I like T man have a bunch of different transformers, but they did not come in liquor boxes.

Pickup another bigger transformer and use the 40 for other stuff.


----------



## jimtone

*Power*

I'm wanting to know if anyone has a diagram posted showing how to install "feeders" ? I have a 100 watt Marx 1669 transformer and can't run a small track layout with one locomotive smoker with a light without major dead spots. I'm using 4 turns and 12 straights in O/27. I've tightened all the connectors and cleaned all the OLD TRACK but haveing no reliability?


----------



## CTValleyRR

You don't really need a diagram -- you want to pick your interval (some would recommend as often as 3'), drill a hole down through your base, and connect a wire to a bus which runs beneath the layout and connects to your transformer (obviously, you need two wires, one for each powered rail).
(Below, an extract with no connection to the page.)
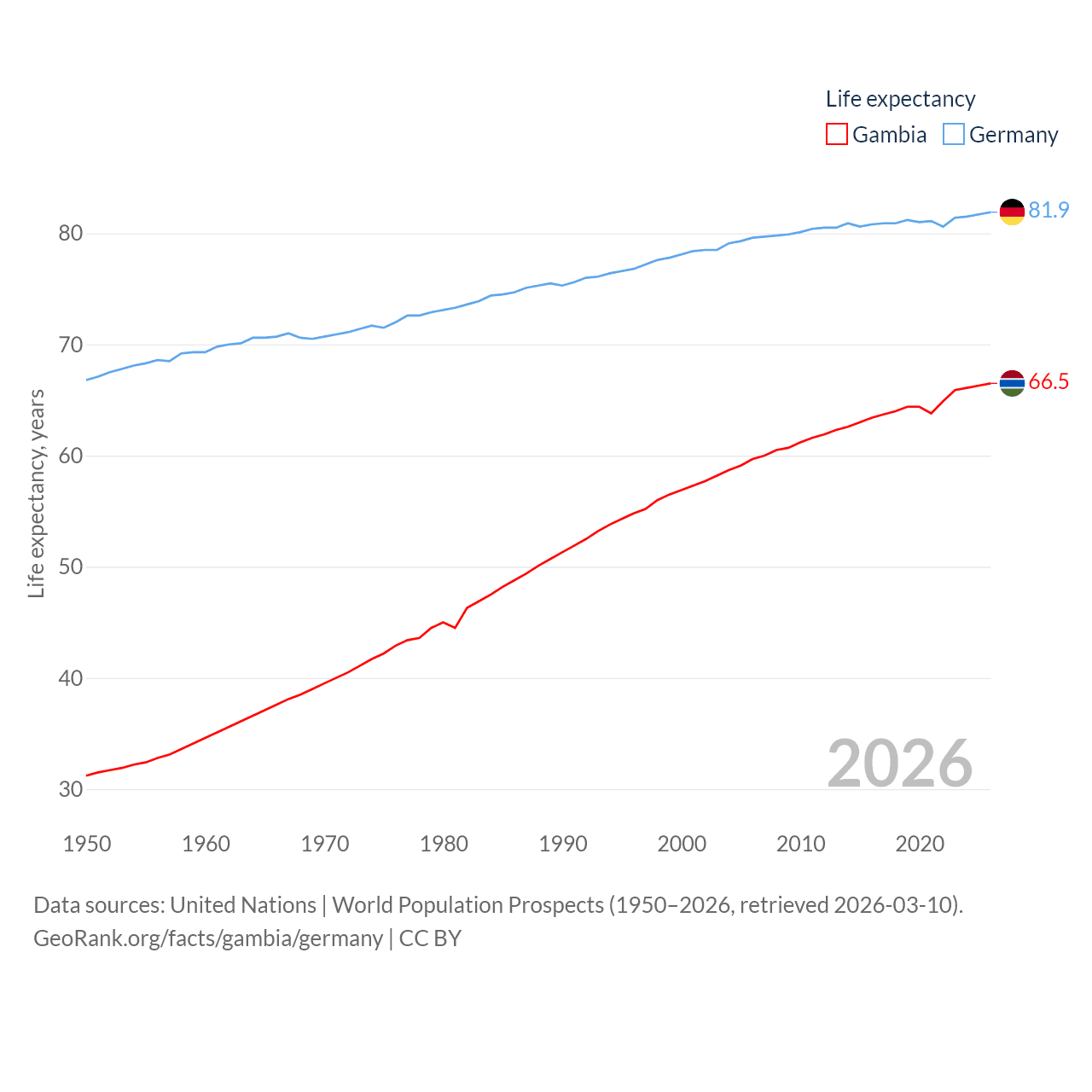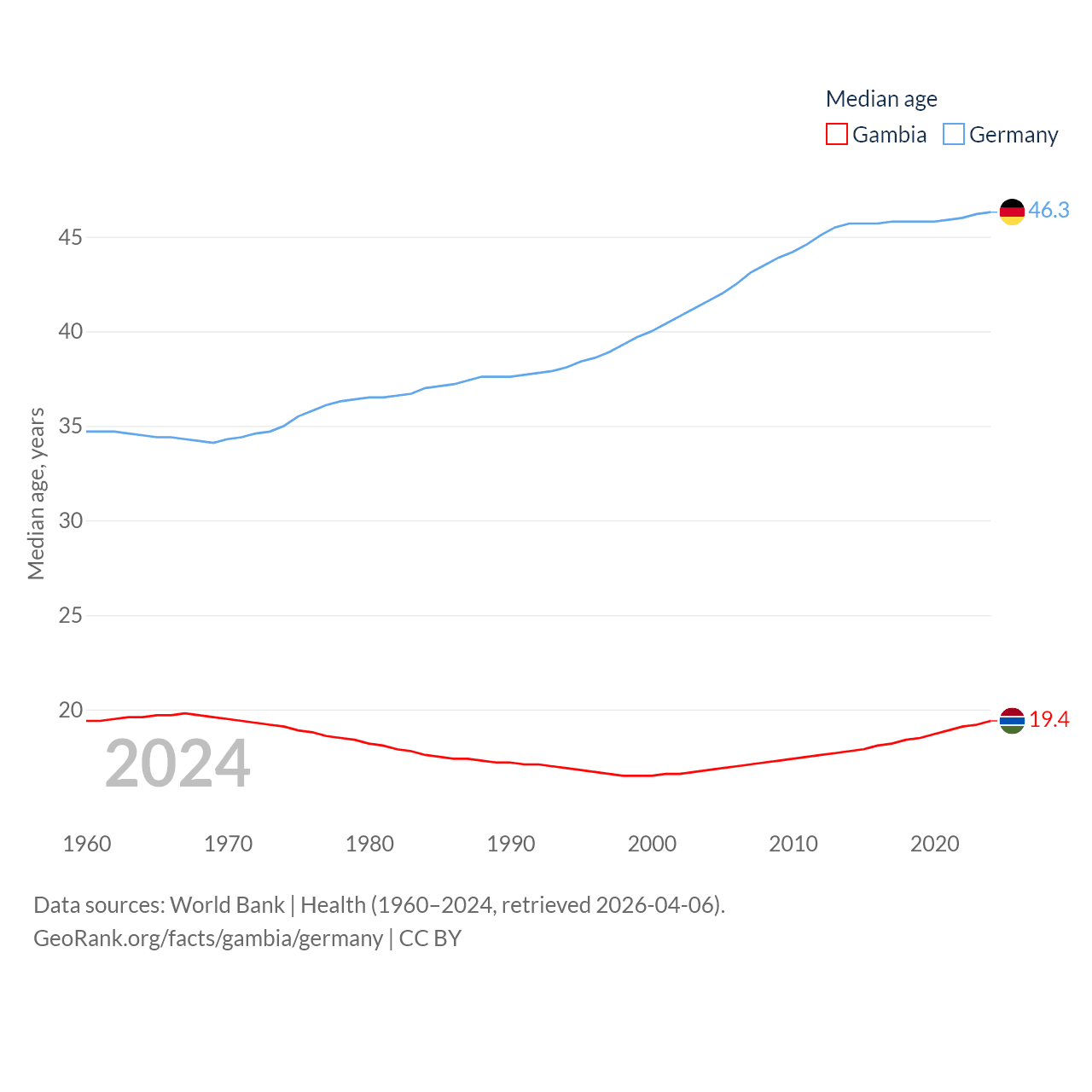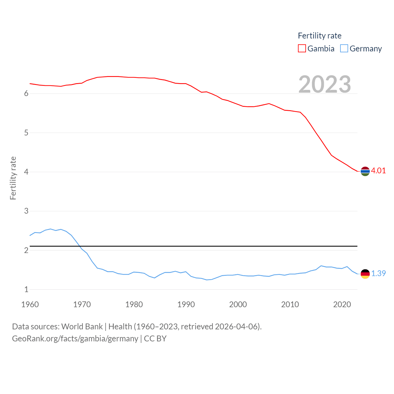 The Gambia has a population of 2.76M (ranked 140/197), compared with 83.5M in Germany (ranked 19/197). The Gambia's land area is 3,907 sq mi versus 134,916 sq mi for Germany (ranked 161st vs. 63rd).

Before you go to all that effort, I would take some test leads and jumper power to the dead spots and see if that fixes the issue.


----------



## DonR

To amplify CTvalley's very valid instructions:

Every few feet of track, connect one wire to the middle
rail (Red perhaps). Connect another wire to
one of the 2 running rails. (black perhaps). These
drop thru your bench work and join a 'buss' 
from your transformer that also has (perhaps)
red and a black wires. Your track reds connect
to the buss reds and so the black to the buss black.
Substitute any wires of whatever 2 colors you have on
hand.

That's all there is too it.

Don


----------